O primeiro período de jogo foi o único em que houve certo equilíbrio no placar entre as equipes. O armador francês da franquia de San Antonio, Tony Parker, impressionou ao começar a partida com atuação espetacular, comandando todas as jogadas ofensivas de seu time e ainda exercendo ótima marcação sobre Chris Paul, armador adversário.
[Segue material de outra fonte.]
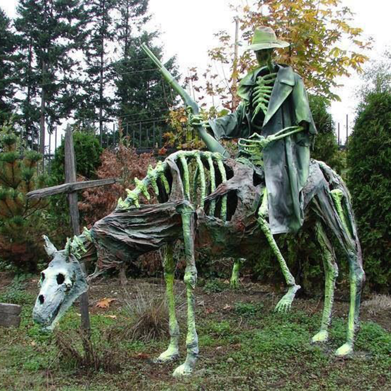 1. Эта статуя скелета изготовлена из высококачественного полимерного материала, который не легко выцветает, износостойкий и устойчивый к коррозии, и отличается прочностью.
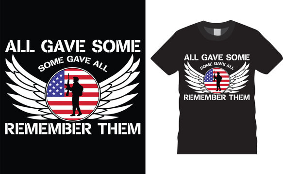 all gave some some gave all remember them Memorial day t shirt design illustrator. Typography Veterans Day Vector illustration creative t-shirt design vector
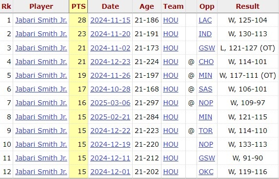賈巴里-史密斯本賽季得分15+的比賽火箭12勝1負(fù) 只輸給勇士
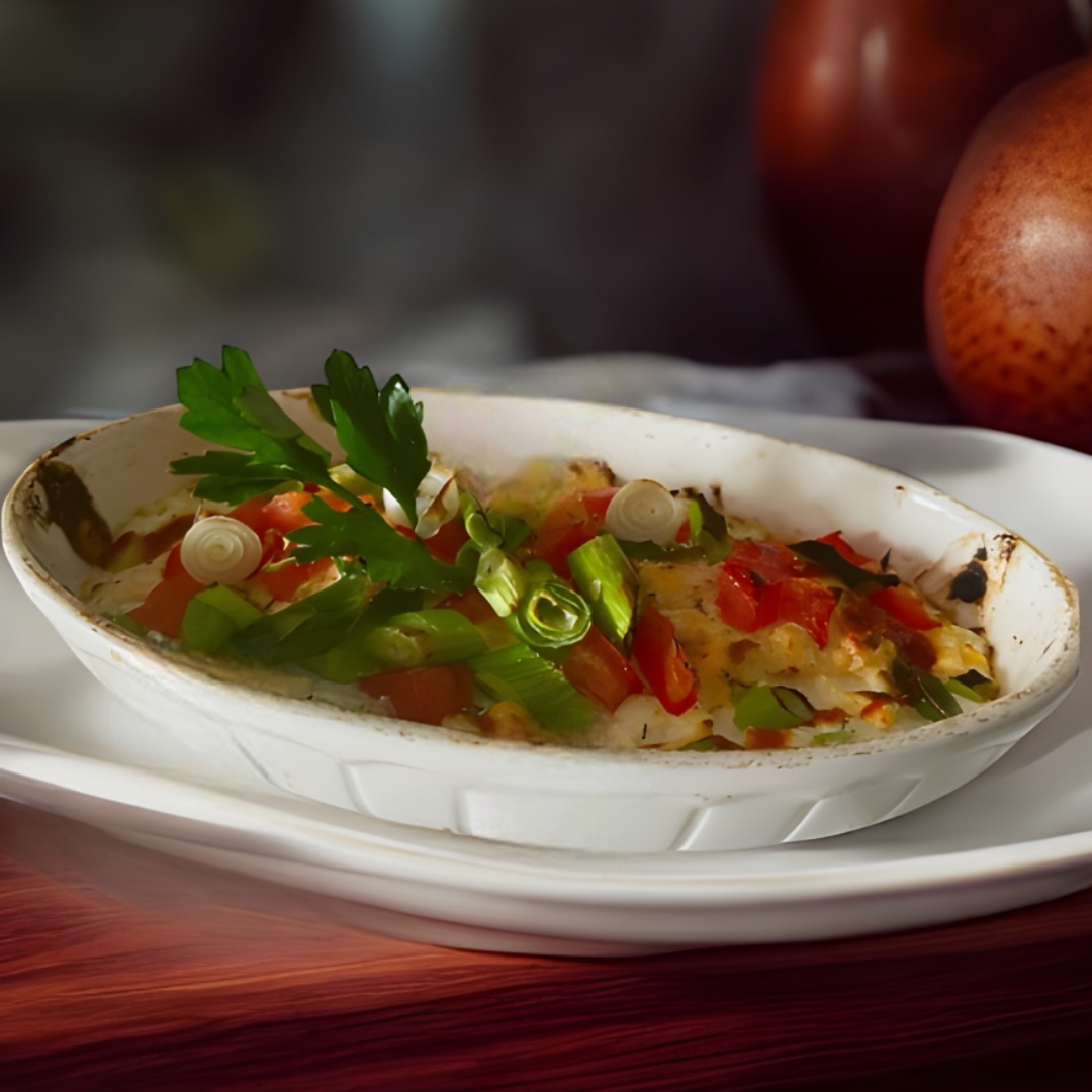 pikant zubereitete Schafskäse-Creme mit Tomaten & Lauchzwiebeln aus dem Backofen

Nos doze minutos seguintes, o Spurs começou sua festa. Com impressionantes 17 pontos feitos e apenas 4 sofridos nos primeiros 6 minutos do segundo quarto, o Spurs tomou as rédeas da partida e não as largou mais até o fim. Tony Parker continuava se destacando, e Manu Ginóbili e Tim Duncan cresciam cada vez mais. Resultado: as equipes foram para o vestiário com os texanos liderando por 55 a 42.
A vitória entretanto só seria consumada no terceiro período de jogo. Com o trio principal atuando muito bem e as importantes (e boas) atuações dos reservas Michael Finley e Ime Udoka, o Spurs conseguiu abrir ampla vantagem no quarto em questão. Antes que o cronômetro zerasse e as equipes fossem para os doze derradeiros minutos, a equipe do Texas liderava por confortáveis 24 pontos, com o placar apontando 85 a 61.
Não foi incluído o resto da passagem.